A somewhat embarrassing note: I recently discovered I have the most number of posts out of all users on Katz's fermentation forum, which just came online a couple months ago. http://www.wildfermentation.com/forum/


----------



## JOHNYOGA2 (Sep 30, 2008)

Thanks Tim!
Another forum...Spent the morning there! Between here, and the Backyard Chicken Forum, and the Wild Fermentation Forum, I'll never get anything done!


----------



## Aram (May 9, 2006)

*But Y?*



JOHNYOGA2 said:


> Namaste' Tim!
> The eventual goal is to go off the grid, ...
> The idea being to have fewer problems instead of more...
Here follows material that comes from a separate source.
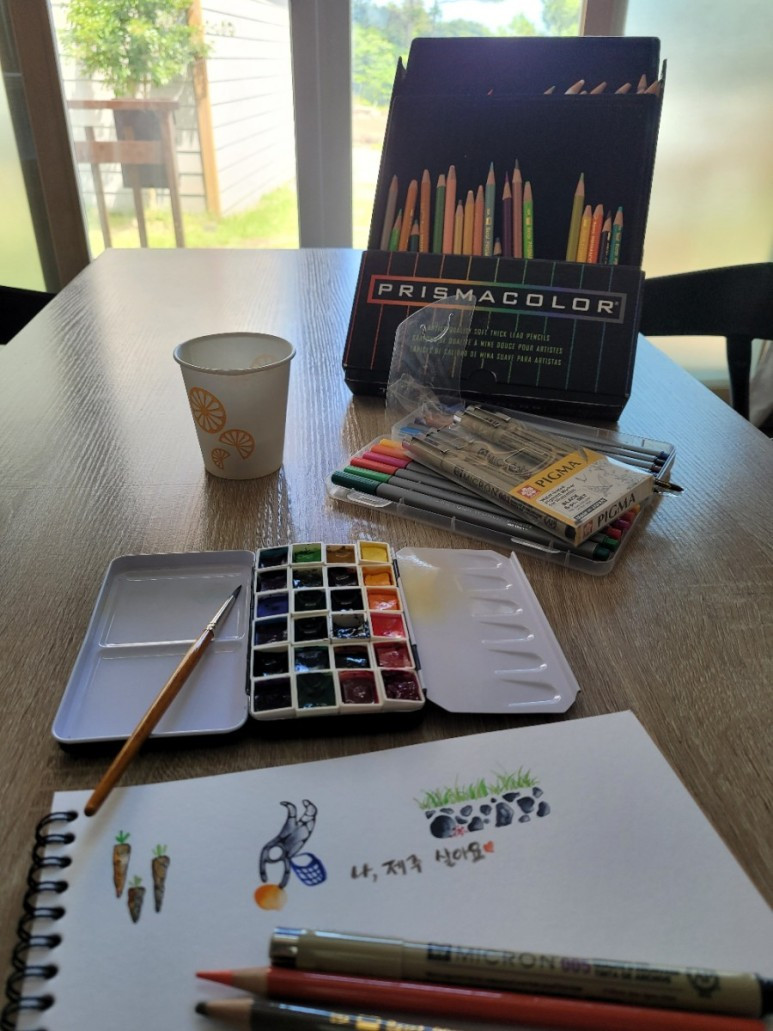 오전 시간에는 학교공부나 학습지를 정말, 아주정말 간단하게 하고, 그림도 그리고 피아노도 치고 나는 살림도 하고.

If simplicity is what you are after why waste your time counting mites? I never did and if I ever will I wouldn't know what to do with the results. I will not treat my bees with pesticides no matter what, so finding mites is meaningless. I'm new at this but I have not lost one hive to mites in three years (bears, yes .) Try to find a local breeder who developed robust bees for your area (survivors without chemicals) and start with three four hives as winter insurance. In a couple of years you'll have a dozen hives and more honey than your family and friends can use.
If you want to make a living from it, though... that's another story.
Now I'm off to check out the wildfermentation forum 
Aram


----------



## JOHNYOGA2 (Sep 30, 2008)

Thanks Aram,
Yes I understand what you're saying. I don't have any desire to treat the bees with any kind of chemical but I sort of view the hive as a responsibility. If they were heavily infested I'd want to try a sugar dump, but then I'm just Type A personality enough to want to get some idea whether that treatment worked. And if that didn't work, well I wouldn't rule out a chemical treatment. I would just really rather not. I understand my chances improve a great deal with TBH's small cell size. Since building a screen into the hive is really not difficult, I'm going to opt for the most versatility, I think. It will also allow me to open the bottom up for ventilation in the summer where we can easily get to 95 degrees. That might give the bugs less stress.


----------